Wanna Get Away?


Mount Horeb
Photo courtesy of Getty Center [Public domain], via Wikimedia Commons
He traveled forty days and forty nights until he reached Horeb, the mountain of God. –1 Kings 19:8 NIV

Twice in my adult life I ran away from home. I just needed to get away by myself for a while and hide from the disappointments, ongoing issues, life pressures, and perceived failure that had driven me to an all-time low. The issues, I knew, wouldn’t magically disappear when I returned, but a time-out, I hoped, would refresh, renew, and restore my energy, enthusiasm, and dreams.

The first time I went to my brother’s home in Alabama for a week. There I read, rested, ate nutritional food (the only kind they keep in the house), prayed, and rested … oh, wait, I said that. But resting my body, mind, and soul were vital to recovery, restoration, and renewal.

The second time I fled to a mountain cabin that was a special place when I was growing up. Now owned by close friends, the cabin is a healing place. There I rested, sat on the porch swing and listened to the wind in the trees and the birds squawking, put together a jigsaw puzzle, read, and ate microwave meals because I didn’t want to cook. After only three days, I was ready to return home.

The thing about running away: there’s something you’re running away from and something you’re running to.

I wonder—when Elijah fled Queen Jezebel, did he consciously set out for Mount Horeb?

Also known as the mountain of God, Horeb, better known as Mount Sinai, was the place where God called to Moses out of the burning bush with a challenging assignment and where, not too long after, He gave Moses the Ten Commandments. And it was here He met Elijah.

He was gentle with his overwrought, exhausted servant.

Exhaustion affects us not only physically, but also mentally, emotionally, and spiritually. Exhaustion skews our perspective and judgment. So God addressed Elijah’s exhaustion first by giving him rest and refreshment.

Then He asked him, “What are you doing here, Elijah?”

Note that when Elijah answered God, he magnified the problem and minimized the good. Isn’t that what we tend to do when we’re exhausted and overwhelmed?

Then God gently corrected him, instructed him to return to his ministry, and gave him a helper.

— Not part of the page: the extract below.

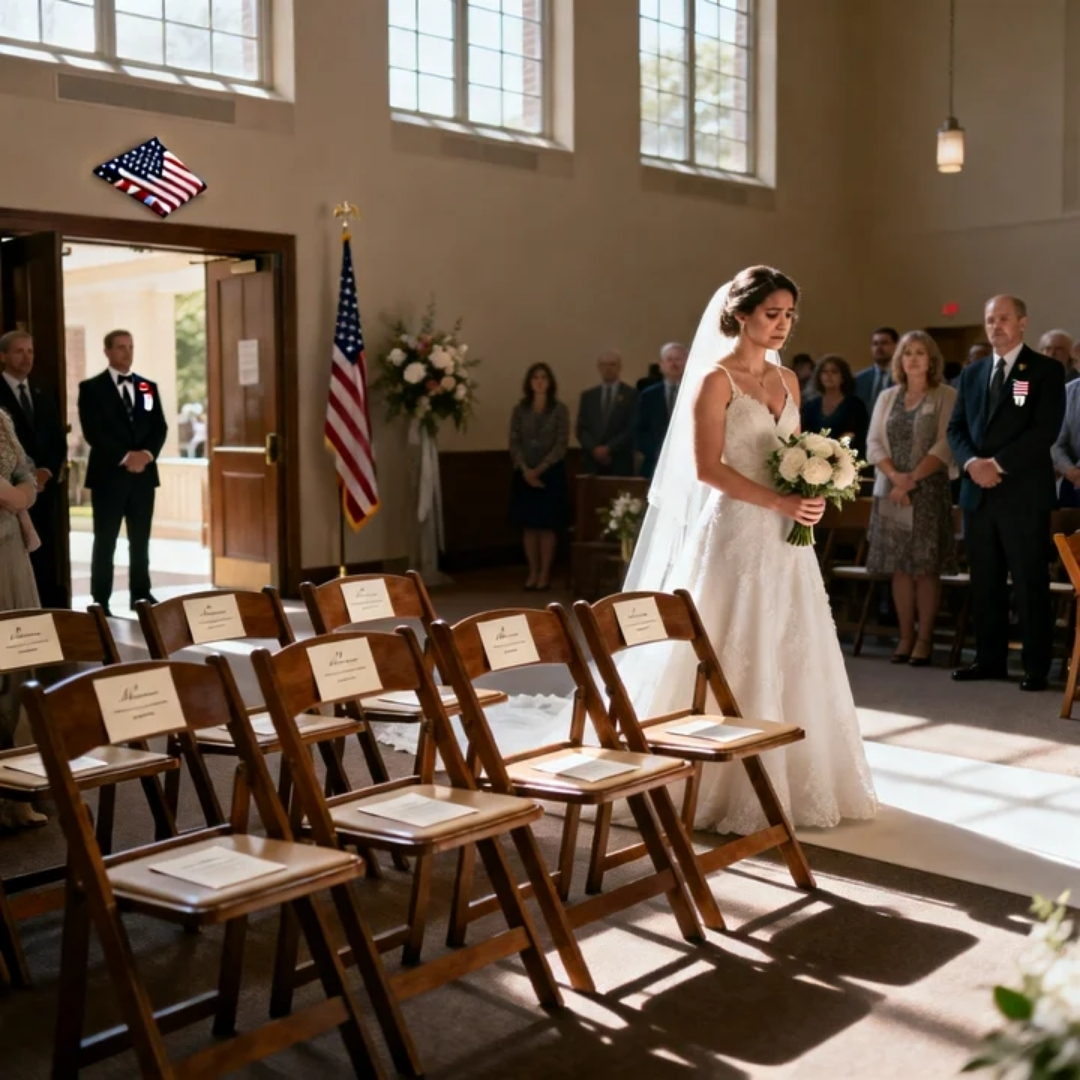 Eight chairs sat in the front row like teeth—white name cards clipped to the backs, ribbons perfectly tied, not one crease out of place—while my bouquet trembled in my hands and my throat burned with words I refused to give the room.

Notice what God didn’t do:

  • He didn’t desert him.
  • He didn’t chastise him for lack of faith.
  • He didn’t tell him to man up.
  • He didn’t preach a sermon.
  • He didn’t tell him that things weren’t as bad as he thought, that he had a lot to be thankful for, that he should be ashamed of himself . . . yadda, yadda, yadda.
  • He didn’t release him from his calling.

What God did do was nourish him, sustain him, counsel him, and instruct him.

Just as God met Elijah at his point of deepest need, He’ll meet you at yours.

What are you running from? Who are you running to?

Where is your Mount Horeb?

Thank You, loving God, for meeting me at my point of deepest need. Amen.

Read and meditate on 1 Kings 19:1–18.